Education financing in Nepal, like in many countries in the global South, is constrained by a heavy public debt burden. As governments are obligated to increase debt servicing, key sectors like education often suffer from underfunding.
Based on consultations with the National Campaign for Education Nepal (NCE Nepal) and their regional and global education and tax justice allies (the Tax and Education Alliance and ActionAid Nepal), the Accountability Research Center found that civil society is tackling these challenges by linking education budget monitoring to advocacy on tax justice and public debt relief.
As part of Education Out Loud’s support for advocacy, the Accountability Research Center conducted research and developed case studies on how education advocates are working across sectors.
This innovative approach, supported by GPE's Education Out Loud, is helping ensure that education receives the attention and funding it deserves.
Education advocacy and generating awareness on public debt servicing
Even though the public debt burden in global South countries continues to skew public spending in important sectors such as education, it is unusual for civil society organizations to incorporate debt burden and tax justice perspectives into their budget monitoring and advocacy work.

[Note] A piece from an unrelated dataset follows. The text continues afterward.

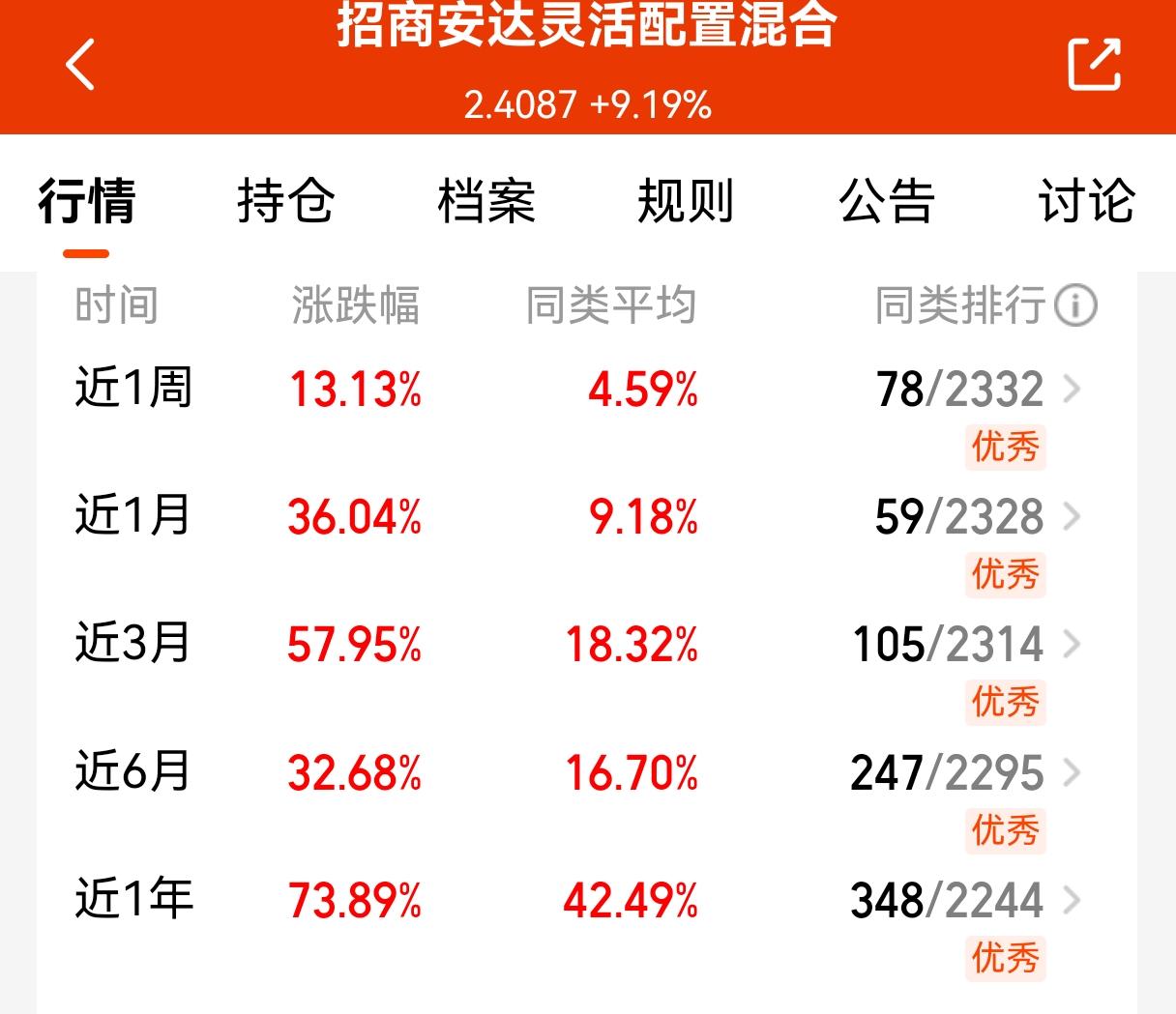 今年科技还是很牛的,昨天大涨,今日有所波动,可以适当加仓起来,$招商安达灵活配置混合(OTCFUND|217020)$昨天大涨9.19%,近一周涨幅13.13%,近一个月涨幅36.04%,近三个月涨幅57.95%,近一年涨幅73.89%,业绩很优秀,这是一只小众CPO宝藏基,持仓里面的新易盛、沪电股份、中际旭创等近期涨嗨了,经理眼光很好,调整提前埋伏CPO,抓住了这一波行情。

But it can be done.
Our review of civil society’s role in education advocacy found that civil society organizations working on accountability in education use budget tracking and monitoring as one approach to improving national budget allocations and expenditure on education, or at least to protecting them.
Local partners of GPE’s fund for advocacy and social accountability, Education Out Loud, use multi-level tracking and analysis of national budgets as part of their approach to support promotion of rights inside school environments.
That means they are engaging different levels of government – local, sub-national and national – to monitor and track education financing.
They use this information in their education advocacy as well as in building capacity of their constituencies, such as local-level youth networks and provincial and national governments.
NCE is also using global frameworks developed by civil society, such as the 4S’s approach and the four R’s of tax, aimed at transforming education financing to monitor national progress.